In addition, this study also found that in addition to tumor markers, other routine laboratory tests, such as DD dimer and platelet count, also made a significant contribution to the diagnosis and prediction of ovarian cancer, suggesting that the pathophysiological processes related to these test indicators may play an important role in the development of ovarian cancer, and their potential mechanisms deserve further exploration.
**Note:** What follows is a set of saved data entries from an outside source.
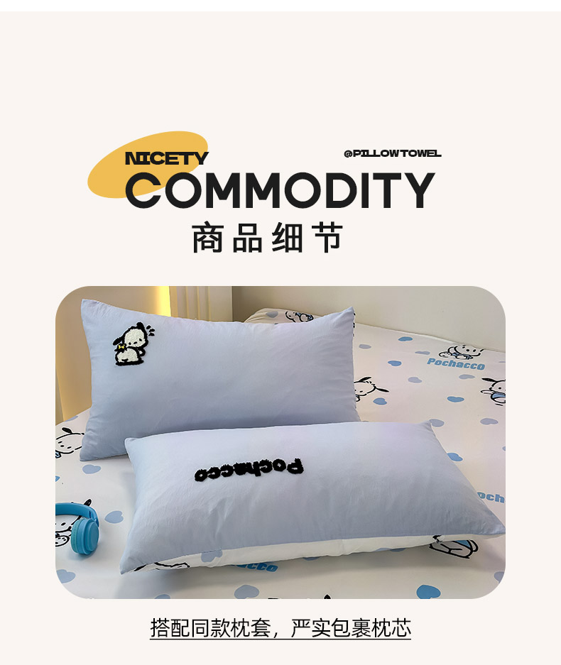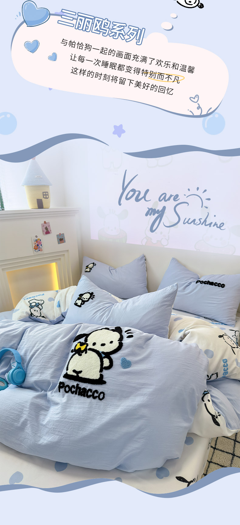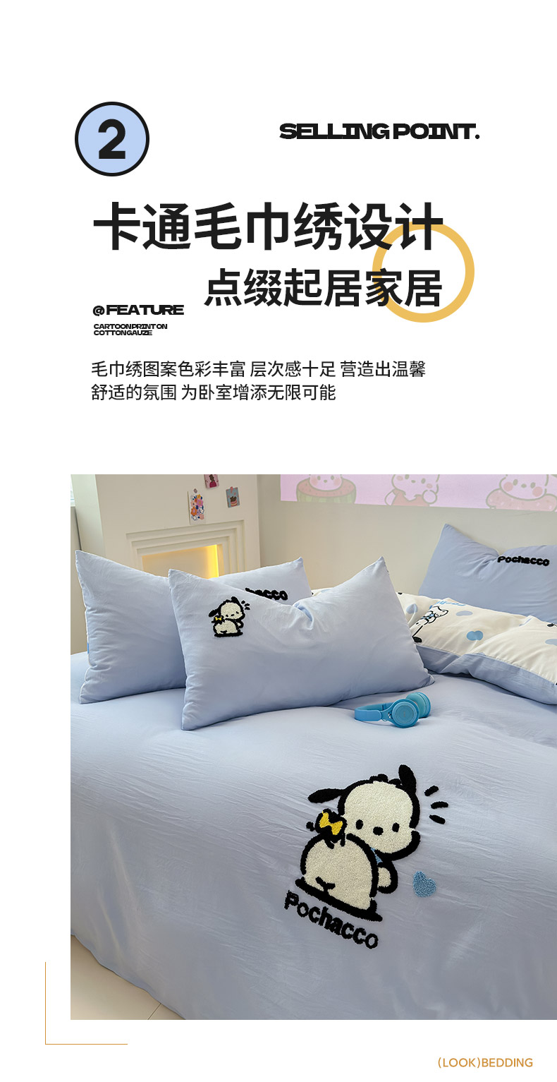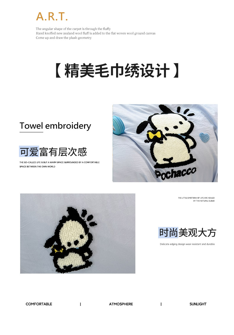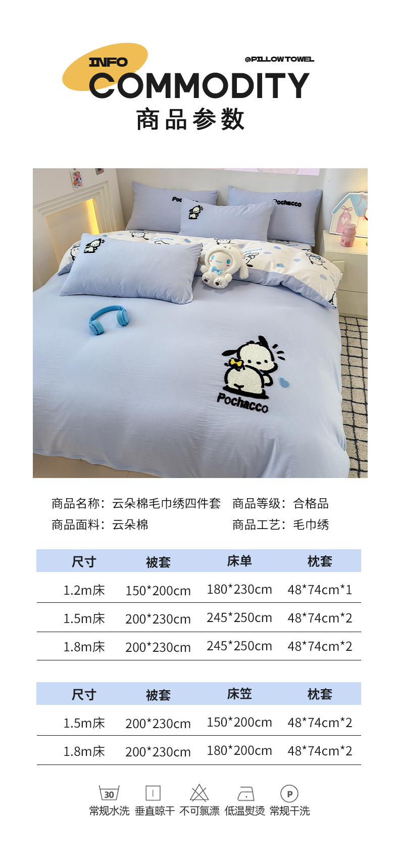 商品名称:乐坊 2025新款三丽鸥系列云朵棉毛巾绣四件套 帕恰狗蓝
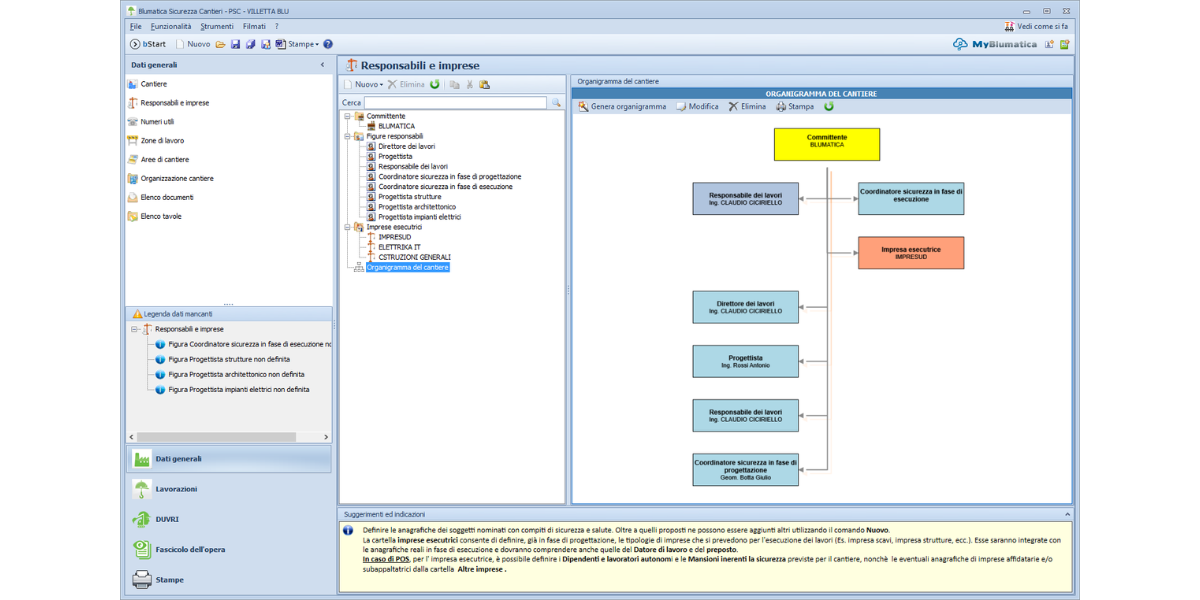 - Analisi e valutazione dei rischi per ogni lavorazione, compresa quella relativa ai rischi specifici: rumore, vibrazioni, chimico, ecc. (tali valutazioni possono essere effettuate con il modulo opzionale Blumatica Rischi Specifici)
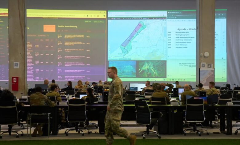 JERUSALÉN — En un destartalado parque industrial del sur de Israel, un enorme almacén de carga reconvertido bulle de actividad con cientos de soldados estadounidenses e israelíes, oficiales de inteligencia árabes, trabajadores humanitarios internacionales y diplomáticos y personal militar de toda Europa e incluso de lugares tan lejanos como Singapur.
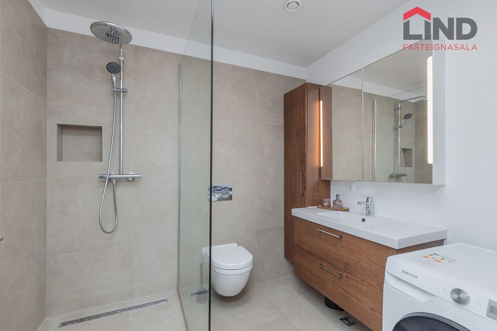 Baðherbergi með góðri viðarinnréttingu, rúmgóð sturta, þvottaaðstaða, flísar á gólfi og hluta veggja
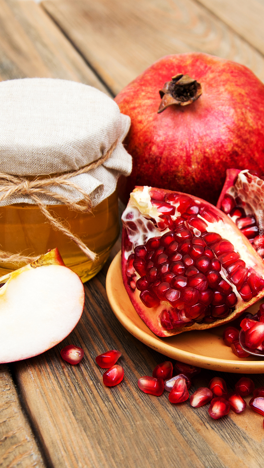 Edytor tapety: Granaty i słoik miodu
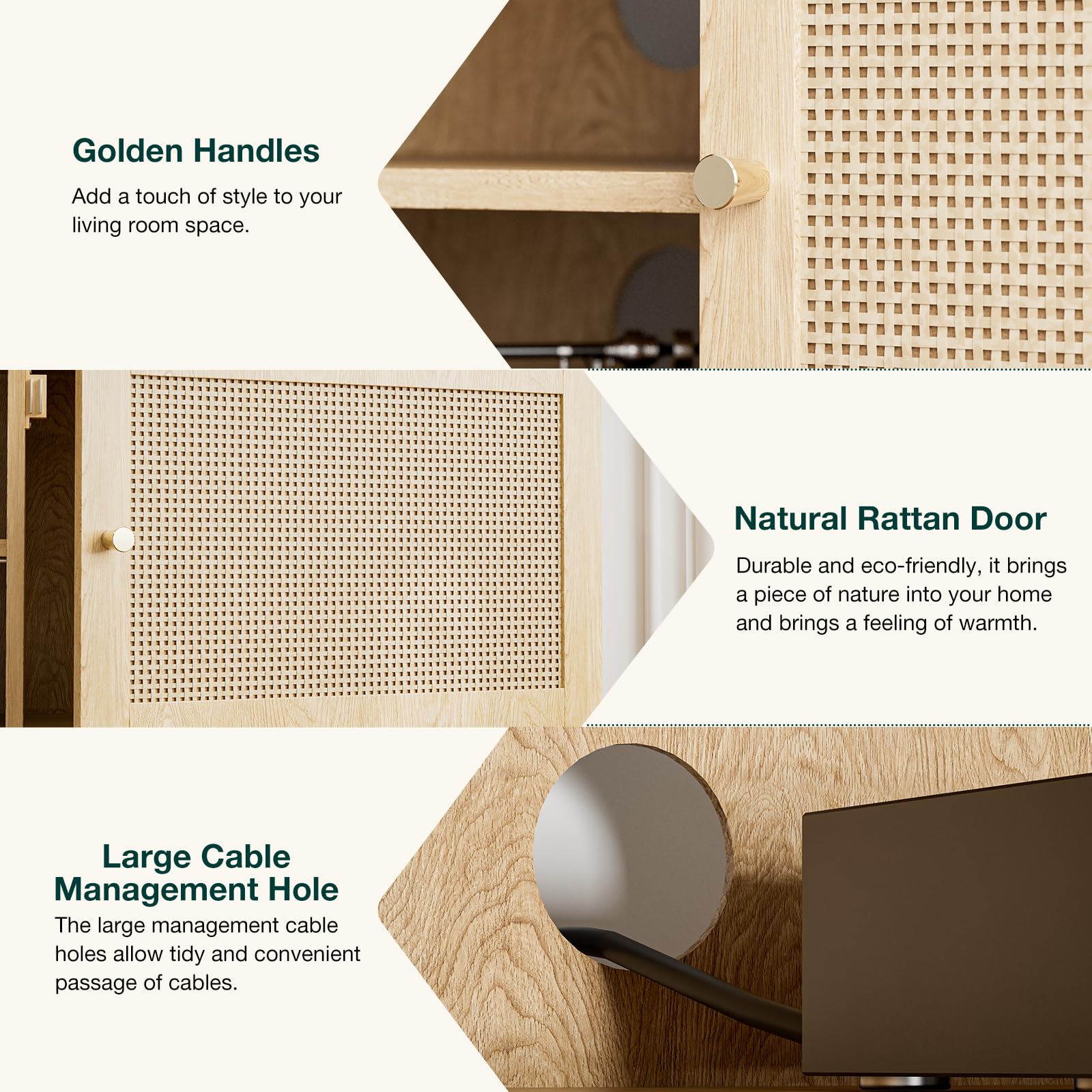 TV COMPANION: Rattan-decorated doors match the natural surface, this TV stand with storage blends modern and boho style. If your living room is calling for a new upgrade with storage, this TV stand is a great addition
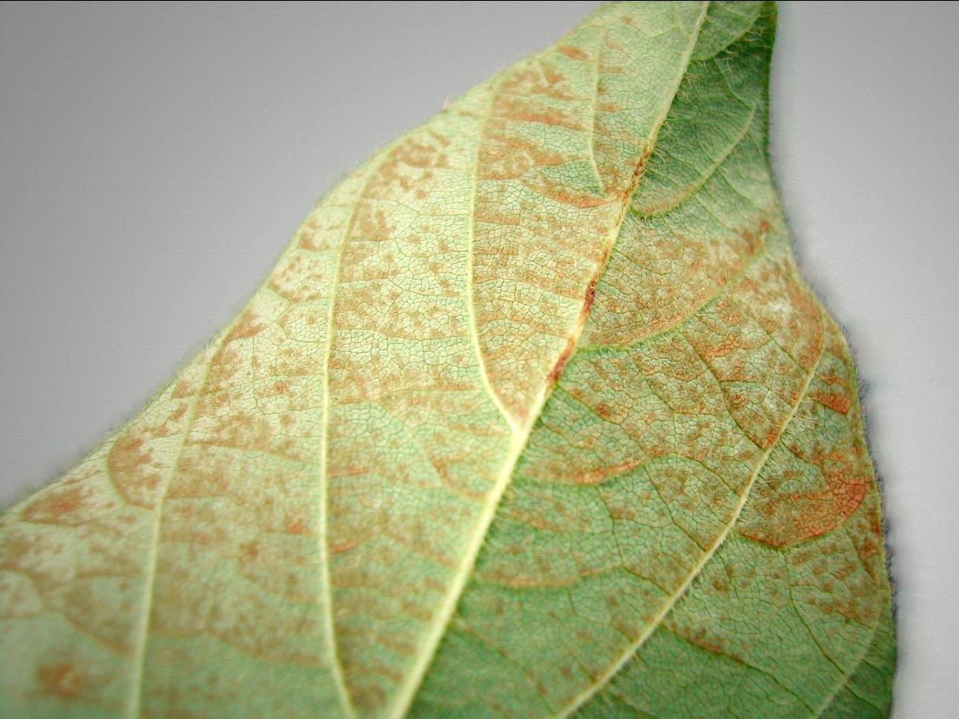 Feuille : présence de petites taches rougeâtres à rouille entre les nervures à la face supérieure et inférieure. À la face inférieure, présence d’un brunissement entre les nervures. Présence d’une délimitation nette entre les tissus sains et affectés. Sur les pétioles, les dommages apparaissent comme des lésions allongées rougeâtres à rouille.
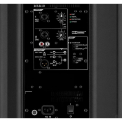 Vous trouverez à larrière de cette enceinte une console de mixage 2 canaux qui vous propose des fonctions dignes d'une enceinte haut de gamme : un préampli micro, une entrée stéréo et une prise Thru pour chaîner plusieurs enceintes. La DBR10 dispose, par ailleurs, de connexions jack et XLR. Notez qu'elle peut être montée sur un pied d'enceinte ou être accrochée au plafond à l'aide de supports de suspension.
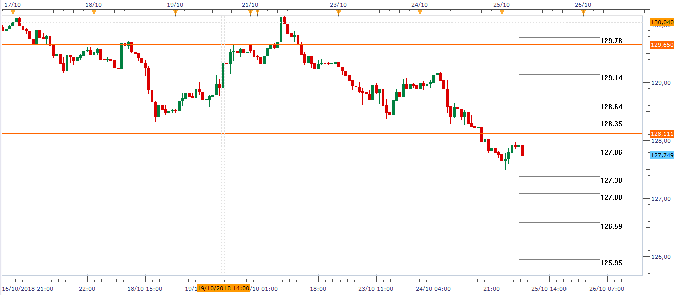 El cruce de divisas EUR/JPY también ha perdido el refugio 128.111 y puede dar oportunidad de negociar los SOR intradiarios si las palabras de Mario Dragui no consiguen tranquilizar a los inversores. En ese caso, con el eje central de operaciones de hoy situado en 127.86 que ejerce doble barrera al estar muy cerca del refugio 127.86 podría llevar a la cotización hacia los siguientes soportes intradiarios calculados:
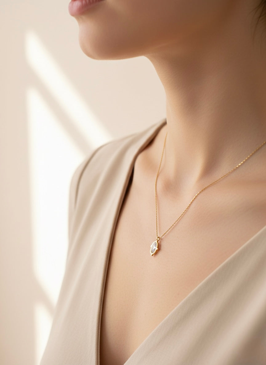 The oval diamond pendant acts as a mirror of light, capturing and reflecting brilliance with every movement. Its clean, elongated shape enhances the stone’s natural elegance, creating a timeless piece that feels both modern and otherworldly.

AI empowers primary healthcare development

According to the "Statistical Bulletin on the Development of my country's Health Care Industry in 2022", although there are 979,768 primary medical and health institutions in my country, accounting for 94.85% of the total number of medical and health institutions in the country, in terms of the number of diagnosis and treatment, the number of diagnosis and treatment in primary medical and health institutions is 4.27 billion, accounting for only 50.7% of the total annual diagnosis and treatment. It can be seen that the number of primary medical and health institutions in my country accounts for a high proportion, but the number of diagnosis and treatment still has a lot of room for growth.

In addition, according to statistics from the National Cancer Center, in my country's cancer medical service market, public tertiary hospitals undertake more than 80% of cancer treatment tasks. Most of these tertiary hospitals are located in provincial capitals, but they have to receive patients from all over the world at the same time, and the pressure on doctors can be imagined.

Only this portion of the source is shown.